What you are asked to do: Omit the pictures, and output the rest of the entries exactly as written.

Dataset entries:
--------

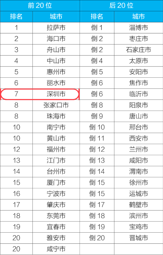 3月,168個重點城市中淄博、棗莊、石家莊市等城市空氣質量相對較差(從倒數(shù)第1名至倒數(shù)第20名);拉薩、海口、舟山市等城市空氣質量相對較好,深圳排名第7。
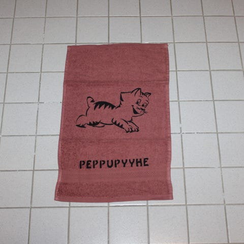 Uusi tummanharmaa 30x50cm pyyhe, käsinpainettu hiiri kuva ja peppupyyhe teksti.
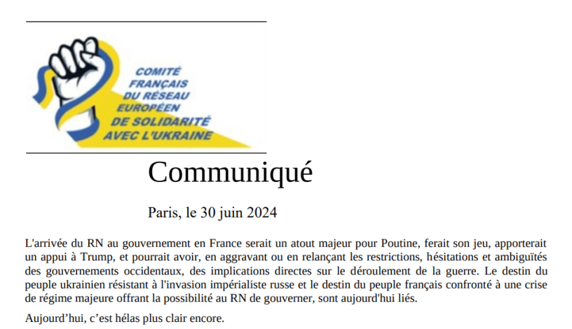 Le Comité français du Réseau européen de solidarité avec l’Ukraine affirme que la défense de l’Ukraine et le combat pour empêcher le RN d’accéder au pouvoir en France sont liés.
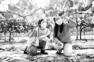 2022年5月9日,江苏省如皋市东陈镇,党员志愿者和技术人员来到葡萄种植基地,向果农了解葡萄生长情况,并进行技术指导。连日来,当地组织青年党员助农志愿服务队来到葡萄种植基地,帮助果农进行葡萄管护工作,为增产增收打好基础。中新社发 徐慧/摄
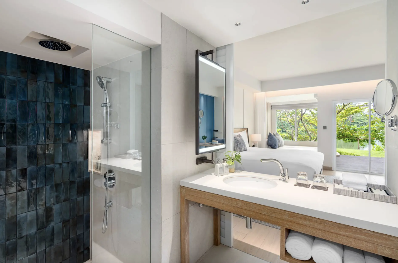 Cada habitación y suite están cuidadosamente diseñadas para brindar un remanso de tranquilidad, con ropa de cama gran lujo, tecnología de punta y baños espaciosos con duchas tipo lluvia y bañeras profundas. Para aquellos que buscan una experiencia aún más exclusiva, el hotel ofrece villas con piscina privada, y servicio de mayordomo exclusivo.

--------

Written reply:
 3月,168個重點城市中淄博、棗莊、石家莊市等城市空氣質量相對較差(從倒數(shù)第1名至倒數(shù)第20名);拉薩、海口、舟山市等城市空氣質量相對較好,深圳排名第7。
 Uusi tummanharmaa 30x50cm pyyhe, käsinpainettu hiiri kuva ja peppupyyhe teksti.
 Le Comité français du Réseau européen de solidarité avec l’Ukraine affirme que la défense de l’Ukraine et le combat pour empêcher le RN d’accéder au pouvoir en France sont liés.
 2022年5月9日,江苏省如皋市东陈镇,党员志愿者和技术人员来到葡萄种植基地,向果农了解葡萄生长情况,并进行技术指导。连日来,当地组织青年党员助农志愿服务队来到葡萄种植基地,帮助果农进行葡萄管护工作,为增产增收打好基础。中新社发 徐慧/摄
 Cada habitación y suite están cuidadosamente diseñadas para brindar un remanso de tranquilidad, con ropa de cama gran lujo, tecnología de punta y baños espaciosos con duchas tipo lluvia y bañeras profundas. Para aquellos que buscan una experiencia aún más exclusiva, el hotel ofrece villas con piscina privada, y servicio de mayordomo exclusivo.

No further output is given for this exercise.